The process by which cyber-attack is carried out can be described as the life cycle. The initial reconnaissance is the crucial to determine whether the cyber- attack will be successful or not. Human is the weakest link in the security, and social engineering is the first choice of the Advance Persistence Threat Actor. Threat actors like Lazarus group, Mustang Panda, Sidewinder use the spear phishing techniques. Mustang Panda compromise the target with the help of weaponized PDF and word documents that drops via spear-phishing email with VBScript embedded in the “.lnk”. Lazarus group used the similar method. They study the publicly available information about the target and sent phishing email that either had a malicious Word document attached or a link to one hosted on a remote server.

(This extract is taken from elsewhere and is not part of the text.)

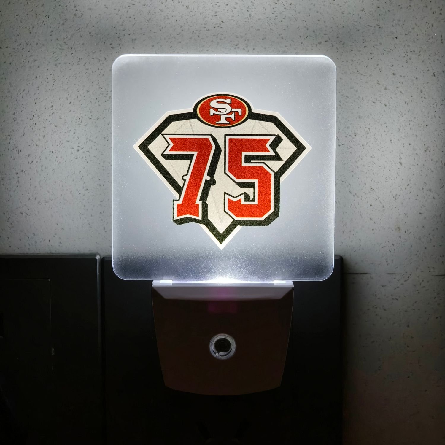 The Night Light Motion Sensor Lamp combines functionality with sleek design. Featuring a bold “SF 75” emblem in red and black, it offers auto-on motion detection, three lighting modes (white/warm white/color-changing), and global voltage compatibility. Ideal as a sports-themed gift, home decor, or commemorative item, blending practicality with personalized style.

Phishing email sent by lazarus group

Preventive measure

• Multi-Factor Authentication:  Organizations can implement multi-factor authentication protocols to prevent attacks. MFA systems function as core elements of identity and access management models. 
• Raise fraud awareness:  Provide employees with greater levels of education surrounding financial fraud. Corporate accounts can be taken over, employees’ desktops can be accessed remotely, and ransomware represents a very clear and present risk
• Implement Logging and Monitoring: Logging and monitoring are essential to ensuring a business can react quickly and effectively to security incidents. It provides an auditable trail which can be used by your security team to assess the situation and isolate the cause
• Create Disaster Recover: In the event of a disaster be it caused by environmental factors, a security breach or anything which may prevent your business from performing its day-to-day business needs, consider what procedures or redundancy you have in place as an organization to prevent downtime and continue conducting business Plan
• Zero-trust network model:  While zero-trust has existed for quite some time by now, not all organizations have adopted it. Layering zero-trust policies into your security architecture can limit liabilities in the event of a network intrusion
• Email Security: Email is the most common attack vectors. Implantation of email security solution such as Email-security gateway, DMARC, SPF prevents the unauthorized access and impersonations attacks.
• Timely update of the software: Multiple vulnerabilities are reported on daily basis by the security researcher all around the world. Patch is released by the vendors. Timely update will apply patches and reduces the risk of cyber-attack.